Today was the first day of my last semester of college. It's actually the beginning of the beginning of a new era, but... I don't know, it's a weird feeling! I thought going to a 5 year school was the smart thing to do, but now that I'm almost done I sometimes wonder if it was. It seemed like it would give me more time to figure out what I want to do with my life...WRONG. It just gave me more time to put off figuring out what I want to do with my life!
One of the hardest things for me has been this extra fifth year. If I had doubled-up on my classes last spring, I could have graduated in 2009. Because the economy and the job market were so awful at this time last year, I opted to do a second co-op, finish classes this spring and graduate in May 2010. In this way I was able to get more work experience, make a little bit of money, but still be considered a full-time student. All of my friends that graduated last spring kept telling me how lucky I was to have an extra year, but it didn't always feel that way. In addition to working at the co-op from hell, I also struggled with the fact that the majority of my friends had already graduated from college. While they've been working, making money, and starting the rest of their lives, I've been in this weird limbo for the better part of a year. There have been a lot of times that I've just felt stuck.

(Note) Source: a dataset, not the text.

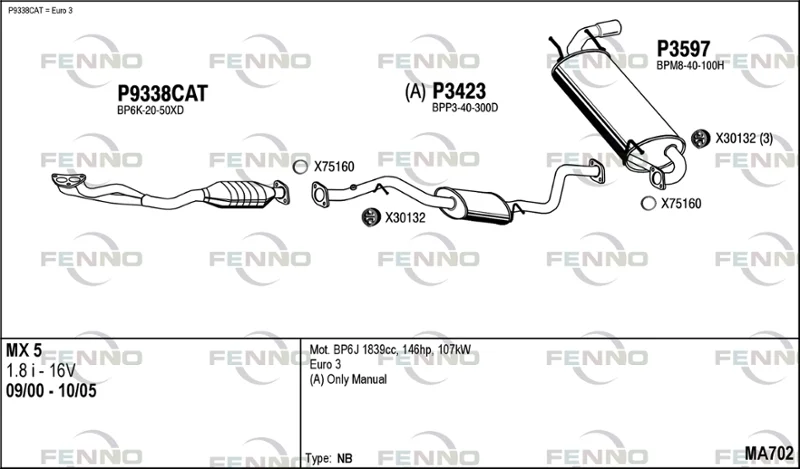 MAZDA MX-5 II (NB) 1.8 16V (NB8C) - Výfukový systém - kompletní od 11/2000 do 10/2005, 1840 ccm, 102 kW, 139 hp, BP6J, Kabriolet

Another difficulty I'm facing now is that I haven't been in classes since the middle of April. Last year! I've been in work mode for the last 8-9 months and I do NOT want to go back to classes now. Don't get me wrong, I enjoy learning and some of the discussions that take place in class, but all of the reading, projects, and papers...no thanks!

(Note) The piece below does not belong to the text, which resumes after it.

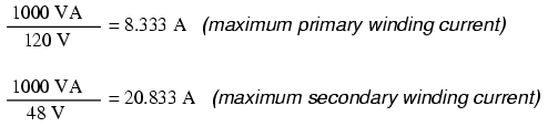 expected values of primary and secondary winding current

Even so, I'm so happy this last semester is finally underway. I feel like I'm finally moving forward with my life, which is always a great thing. Although I will admit it - I do have some anxiety about what comes next. I know I'll figure it out, but until I do I'll be a little stressed about it. My roommates and I are all graduating this spring, so that's something special we'll be able to share. Since I'm back on campus for the first time in a what seems like forever, I look forward to rekindling friendships and doing a lot of senior activities (and by activities I mean PARTIES!). Plus it's the start of a new year and, like I said in one of my previous posts, I have feeling that 2010 is going to be an absolutely fantastic year.
Now off to read 17th Century British Poetry... yikes!